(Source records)
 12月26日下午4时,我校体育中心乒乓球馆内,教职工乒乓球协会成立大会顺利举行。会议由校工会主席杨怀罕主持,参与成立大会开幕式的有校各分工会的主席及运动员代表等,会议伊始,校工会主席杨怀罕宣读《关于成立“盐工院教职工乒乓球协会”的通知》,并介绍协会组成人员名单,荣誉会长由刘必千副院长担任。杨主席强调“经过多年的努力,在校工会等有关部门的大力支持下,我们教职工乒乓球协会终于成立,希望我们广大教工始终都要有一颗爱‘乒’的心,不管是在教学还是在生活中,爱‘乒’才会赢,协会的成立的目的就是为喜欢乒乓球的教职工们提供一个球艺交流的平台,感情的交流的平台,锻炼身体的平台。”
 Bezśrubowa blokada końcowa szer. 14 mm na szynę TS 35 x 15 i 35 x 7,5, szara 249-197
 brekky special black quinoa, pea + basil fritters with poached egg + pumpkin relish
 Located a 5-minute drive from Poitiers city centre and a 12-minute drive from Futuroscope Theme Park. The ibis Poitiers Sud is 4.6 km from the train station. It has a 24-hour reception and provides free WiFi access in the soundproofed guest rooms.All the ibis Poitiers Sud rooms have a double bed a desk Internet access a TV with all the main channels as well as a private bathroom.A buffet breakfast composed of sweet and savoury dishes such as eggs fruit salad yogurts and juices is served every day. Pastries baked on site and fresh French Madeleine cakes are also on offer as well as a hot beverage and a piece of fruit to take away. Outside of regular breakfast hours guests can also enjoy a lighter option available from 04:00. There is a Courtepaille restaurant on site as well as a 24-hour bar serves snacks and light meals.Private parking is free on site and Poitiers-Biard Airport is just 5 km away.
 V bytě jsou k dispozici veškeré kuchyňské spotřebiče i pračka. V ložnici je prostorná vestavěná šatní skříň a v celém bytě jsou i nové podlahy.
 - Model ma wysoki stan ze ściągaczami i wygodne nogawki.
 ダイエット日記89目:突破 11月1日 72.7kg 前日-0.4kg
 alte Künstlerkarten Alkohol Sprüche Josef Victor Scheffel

Your objective:
Produce an exact copy of the entries above.

Response:
 12月26日下午4时,我校体育中心乒乓球馆内,教职工乒乓球协会成立大会顺利举行。会议由校工会主席杨怀罕主持,参与成立大会开幕式的有校各分工会的主席及运动员代表等,会议伊始,校工会主席杨怀罕宣读《关于成立“盐工院教职工乒乓球协会”的通知》,并介绍协会组成人员名单,荣誉会长由刘必千副院长担任。杨主席强调“经过多年的努力,在校工会等有关部门的大力支持下,我们教职工乒乓球协会终于成立,希望我们广大教工始终都要有一颗爱‘乒’的心,不管是在教学还是在生活中,爱‘乒’才会赢,协会的成立的目的就是为喜欢乒乓球的教职工们提供一个球艺交流的平台,感情的交流的平台,锻炼身体的平台。”
 Bezśrubowa blokada końcowa szer. 14 mm na szynę TS 35 x 15 i 35 x 7,5, szara 249-197
 brekky special black quinoa, pea + basil fritters with poached egg + pumpkin relish
 Located a 5-minute drive from Poitiers city centre and a 12-minute drive from Futuroscope Theme Park. The ibis Poitiers Sud is 4.6 km from the train station. It has a 24-hour reception and provides free WiFi access in the soundproofed guest rooms.All the ibis Poitiers Sud rooms have a double bed a desk Internet access a TV with all the main channels as well as a private bathroom.A buffet breakfast composed of sweet and savoury dishes such as eggs fruit salad yogurts and juices is served every day. Pastries baked on site and fresh French Madeleine cakes are also on offer as well as a hot beverage and a piece of fruit to take away. Outside of regular breakfast hours guests can also enjoy a lighter option available from 04:00. There is a Courtepaille restaurant on site as well as a 24-hour bar serves snacks and light meals.Private parking is free on site and Poitiers-Biard Airport is just 5 km away.
 V bytě jsou k dispozici veškeré kuchyňské spotřebiče i pračka. V ložnici je prostorná vestavěná šatní skříň a v celém bytě jsou i nové podlahy.
 - Model ma wysoki stan ze ściągaczami i wygodne nogawki.
 ダイエット日記89目:突破 11月1日 72.7kg 前日-0.4kg
 alte Künstlerkarten Alkohol Sprüche Josef Victor Scheffel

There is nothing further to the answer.